Wood Mackenzie reports: ‘The materials transition’ could divert 382 million tonnes of plastic waste by 2040
According to new research from Wood Mackenzie, the plastics industry requires a paradigm shift towards an absolute decoupling of materials consumption from growth of the economy if it is to achieve sustainability targets.
If all plastic packaging companies put the materials transition at the heart of their sustainability strategies, what would this mean in terms of plastic production and waste generation?
Wood Mackenzie ran two scenarios focused on the major packaging polymers - polyethylene (PE), polypropylene (PP) and polyethylene terephthalate (PET) - to answer this question. A ‘Current Path’ scenario represents the world if it continues as it is today, while a ‘Sustainable Future’ scenario sees more stringent legislation implemented to incentivise companies to be ambitious.
Under Wood Mackenzie’s ‘Current Path’ scenario, the global recycling rate for the selected polymers more than doubles between now and 2040, rising from 17% to 38% of polymer produced for packaging applications.
Under Wood Mackenzie’s ‘Sustainable Future’ scenario, there’s a significant increase in volumes of packaging going through mechanical recycling processes, and significant investment in chemical recycling technologies and capacities. Faster growth in the recycling of flexible, multi-material and coloured packaging follows.
The cumulative impact of these changes is another near doubling of the recycling rate for the observed packaging polymers, rising to approximately 67%. In 2040 alone, this results in an additional 53 million tonnes of packaging plastic prevented from going into landfill, energy recovery or unmanaged waste streams in comparison to the ‘Current Path’ scenario. Cumulatively, from 2020 to 2040, this rises to 382 million tonnes.
“Guy Bailey, Wood Mackenzie Head of Intermediates and Applications, explained: “It’s clear to see that chemical recycling has the potential to significantly increase recycling levels. However, the impact of this on the value chain will depend on how circular the recycling chain is. For instance, how much recycled plastic is ‘downcycled’ into non-circular products – such as reclaimed plastic bottles recycled into polyester fibres – and the precise split between recycling routes,” added Bailey.
According to Wood Mackenzie’s analysis, if the industry focuses on maximum value retention by eliminating downcycling, and chemical recycling hugely increases the recycling potential of polyethylene and polypropylene applications, we would see:
- 25 million tonnes of recyclate going back into the polymer stream, displacing virgin polymer demand
- 10 million tonnes equivalent going back into the value stream at the monomer level, displacing the need for ‘virgin’ feedstocks
- 60 million tonnes equivalent at the feedstock level, displacing demand for oil and gas inputs
In total, 95 million tonnes of displaced demand across the value chain would represent a reduction of around 1.5% in global oil demand by 2040.
However, the impact on the petrochemical feedstock sector is far more significant, equating to the loss of all petrochemical feedstock demand growth from 2032 in our base case outlook.
“These changes will add to pressure on an already challenged refining sector and pose searching questions about which assets will be most robust to these changes.
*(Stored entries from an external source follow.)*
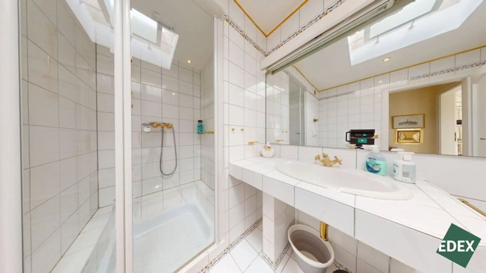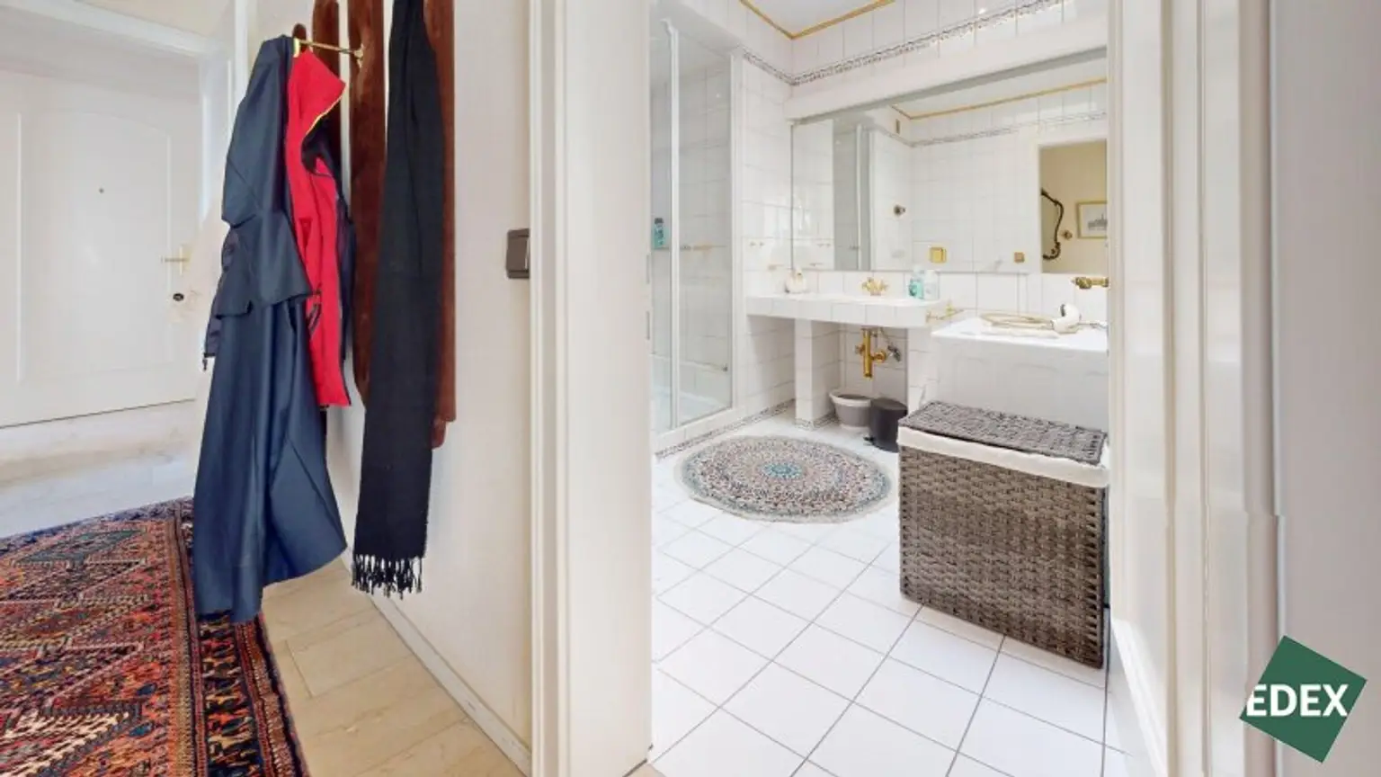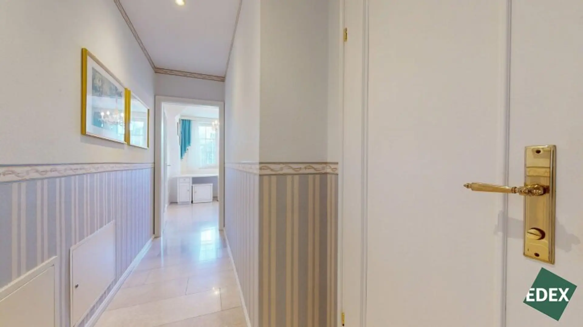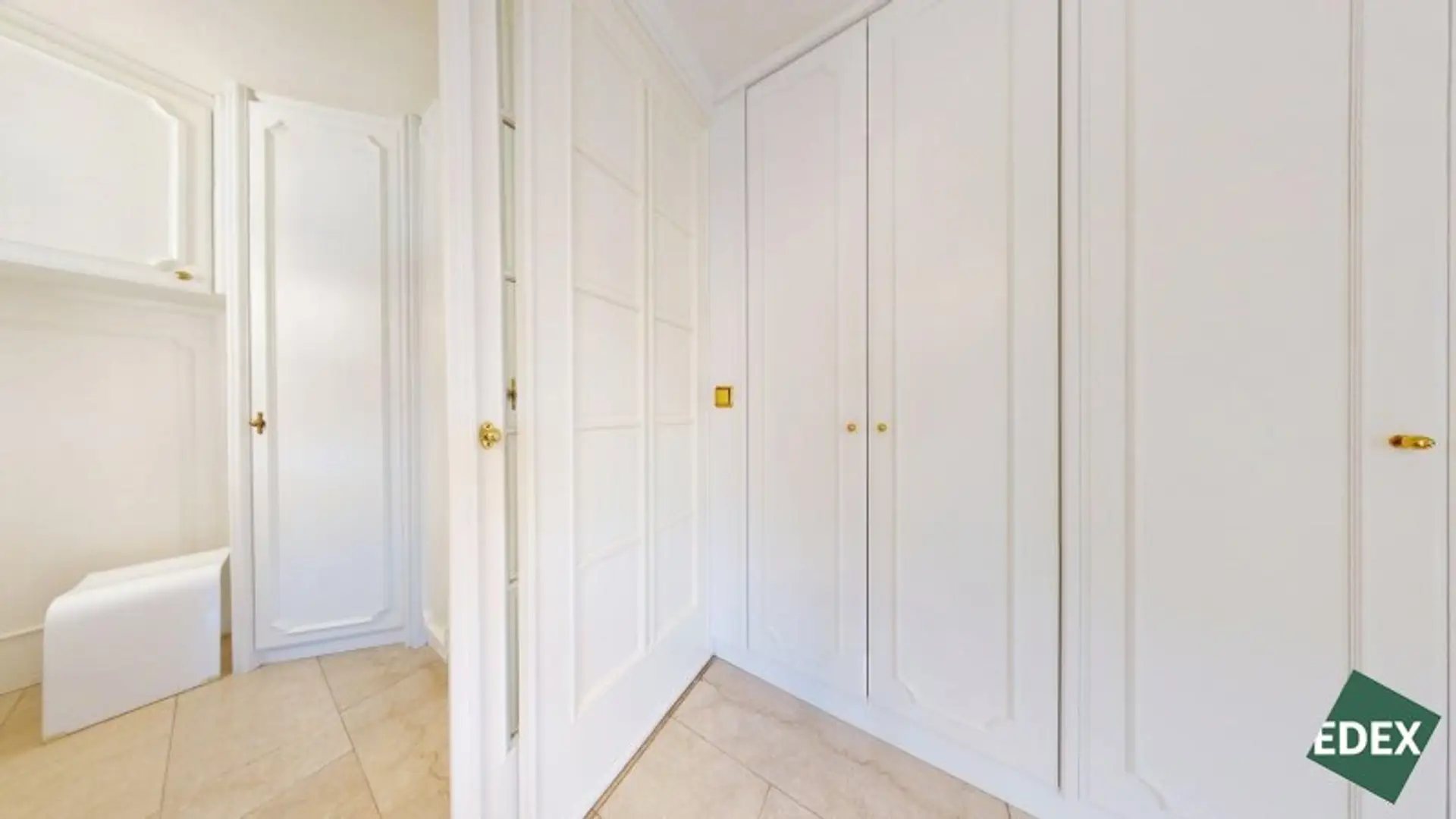 Angrenzend an den Wohnsalon befindet sich eine stilvolle Bibliothek mit exquisiter Holztäfelung und offenem Kamin – ein Raum für Ruhe, Inspiration oder repräsentatives Arbeiten.Ein weiteres Arbeitszimmer, das auch als Schlafzimmer genutzt werden kann, bietet flexible Wohnmöglichkeiten. Von hier führt ein Verbindungsgang zu einem separaten WC sowie einem Badezimmer mit Badewanne, Dusche und Bidet.
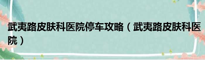 武夷路皮肤科医院停车攻略(武夷路皮肤科医院)
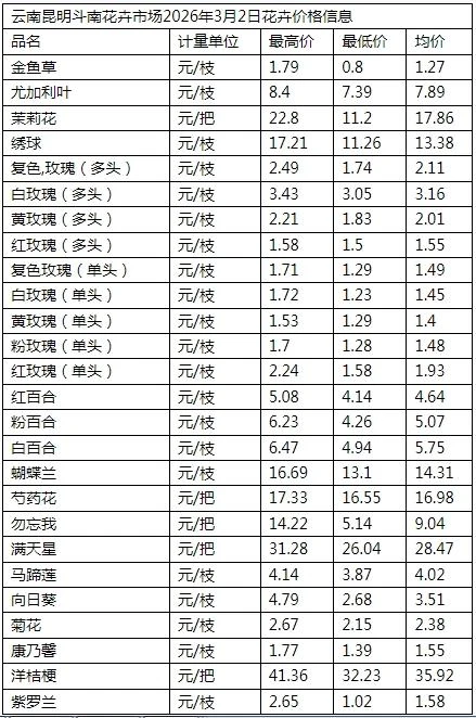 云南昆明斗南花卉市场2026年3月2日花卉价格信息
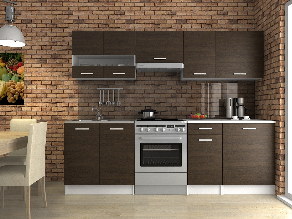 Kuchyňská linka Luigi je ideální volbou pro Vaši kuchyň. Je moderní a zároveň i praktická. Skříňky nabízejí dostatek úložného prostoru. Je vyrobená z lamina, které je odolné a snadné na údržbu. Díky svým rozměrům je vhodná i do malých kuchyní. Skříňky si můžete sestavit libovolně. Kuchyňská linka je dodávaná v demontu. Součástí balení je montážní plánek včetně všech potřebných spojovacích materiálů. Cena je uvedna za sestavu vyobrazenou na úvodní fotografii BEZ PRACOVNÍ DESKY. Kuchyň nabízíme v několika rozměrech i dekorech.Vyobrazené spotřebiče, dřez a dekorace nejsou v ceně.
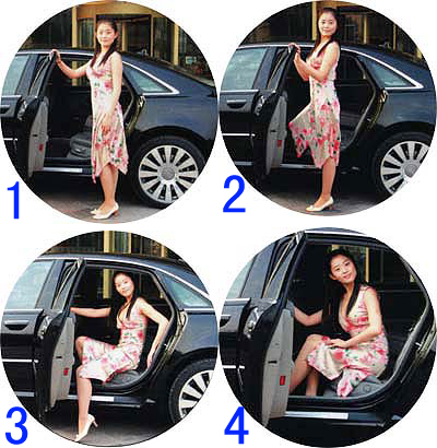 第四步借由双手撑住身体,移动身体至最舒服的位置坐妥,优雅地坐进车内。
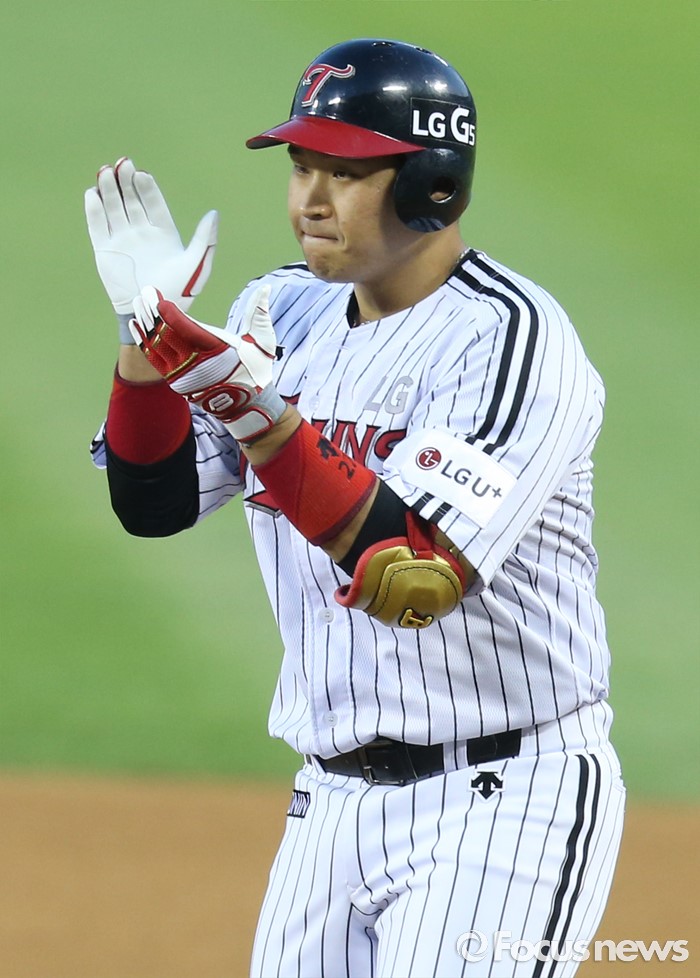 (서울=포커스뉴스) 8일 서울 잠실구장에서 열린 2016 프로야구 삼성-LG 경기 3회말 2사 만루에서 LG 유강이 2타점 좌전 안타를 치고 1루에서 박수치고 있다.
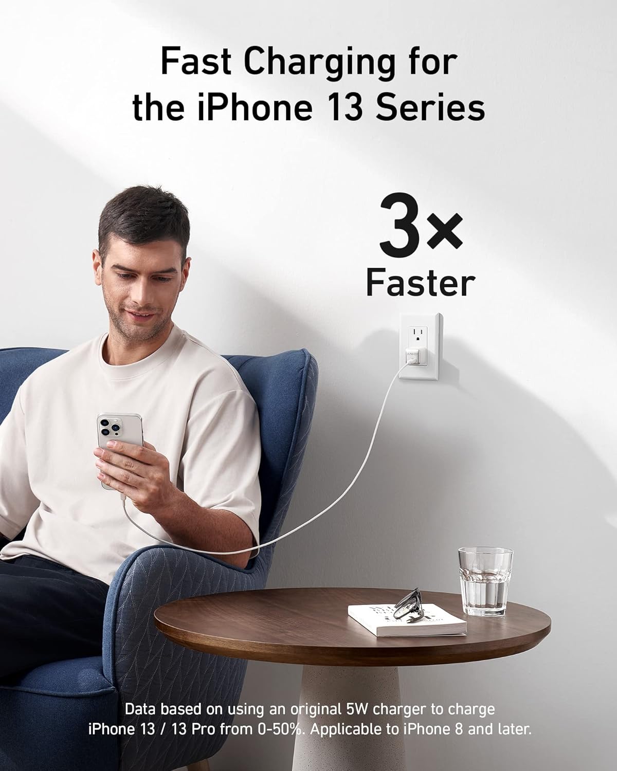 Anker Nano is designed with a 20W output to match the max input of iPhone 13, so you can provide exactly as much power as your iPhone needs.
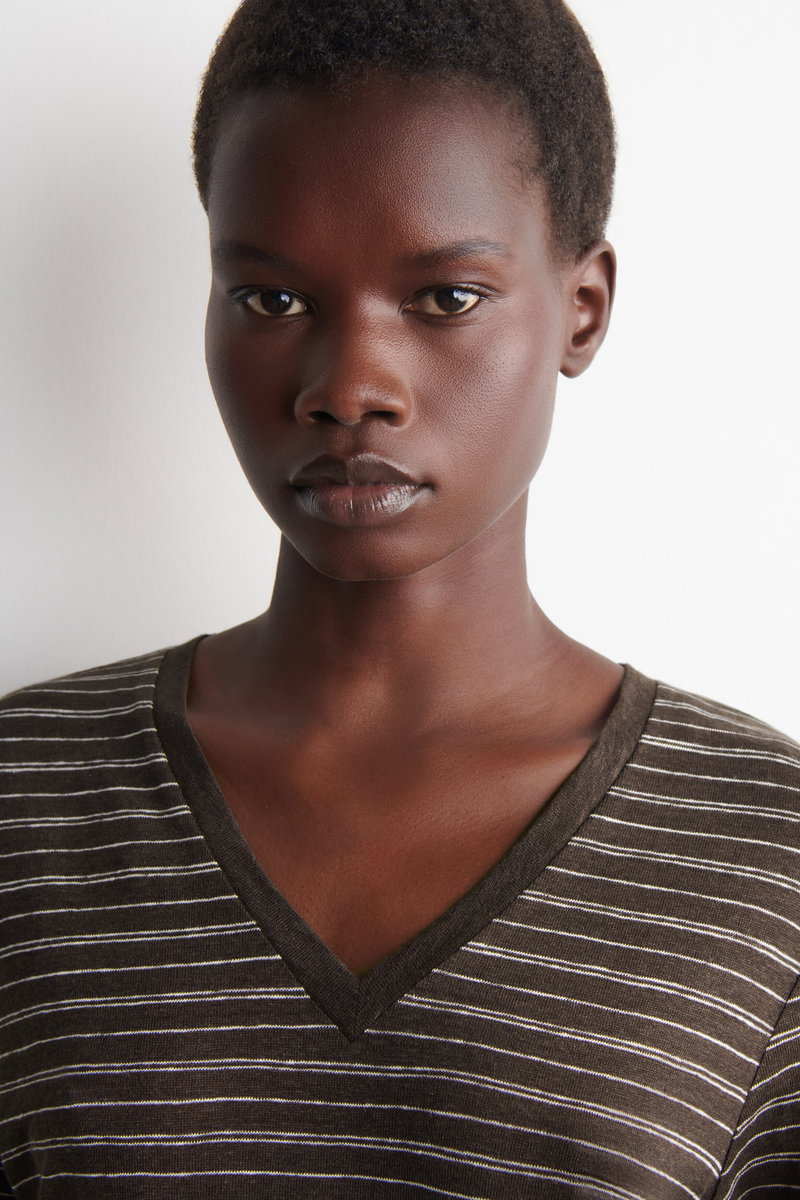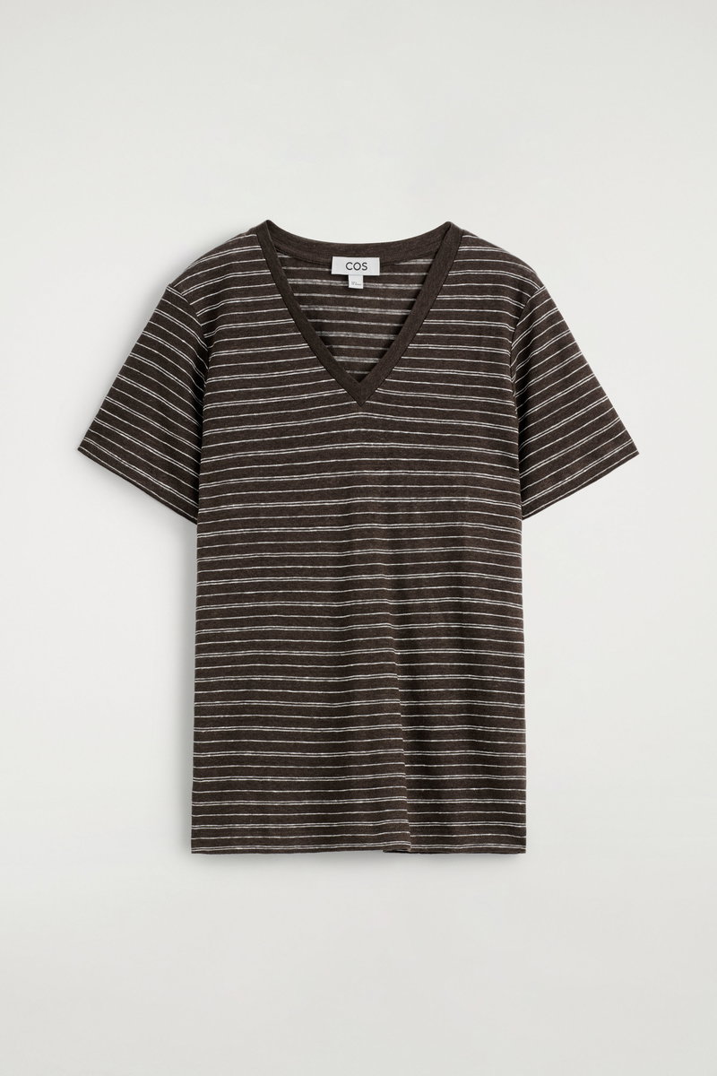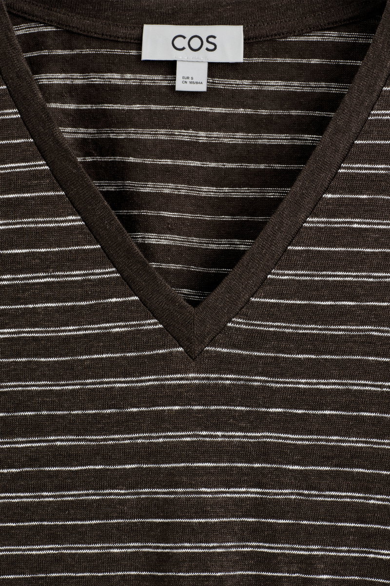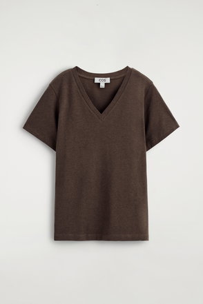 The COS womenswear team present an everyday icon, perfected. This refined T-shirt is crafted from 210gsm linen-jersey, chosen for its natural breathability and soft handle. It's cut in a classic V-neck shape and comes in an enduring ivory tone.
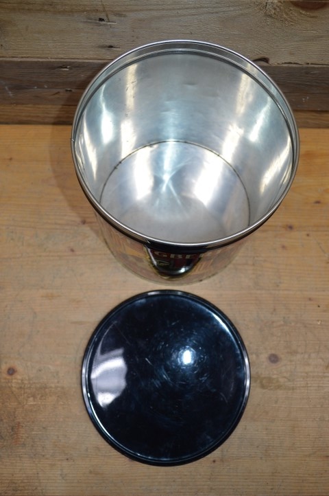 Omdat dit grote metalen DE blik al wat ouder is zijn er wel wat gebruikssporen te bespeuren, maar ondanks dat is deze prachtige vintage decoratie nog steeds een echte blikvanger die overal in huis goed tussen past.
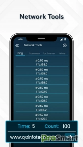 Включает мощные инструменты для ИТ-администраторов, такие как ping, traceroute, сканер портов, поиск DNS, локатор IP и многое другое — все, что вам нужно для оптимизации, защиты и анализа вашей сети в одном приложении.
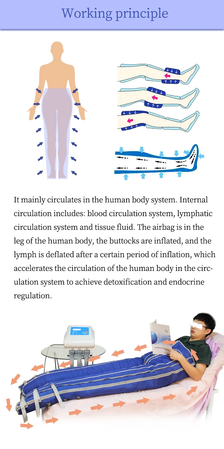 La pressoterapia è un trattamento esclusivo per la detossificazione. Il massaggio vibrante ad aria allevia gli arti dai fluidi linfatici e venosi in eccesso, favorendo le funzioni naturali del corpo per l'eliminazione delle tossine.

The most competitive and integrated sites in the future may need to incorporate refining, petrochemical production, waste collection, sorting and chemical recycling hubs,” added Bailey.
“Looking to 2050 and beyond, we might see an even more radically changed environment. Further gains in recycling through new technologies. Competition from new materials, such as bio-polymers. Changing consumer trends, with rampant e-commerce supported by increasingly durable packaging applications. All of this could lead to a world where packaging doesn’t require any net new inputs from the energy and petrochemical sectors.”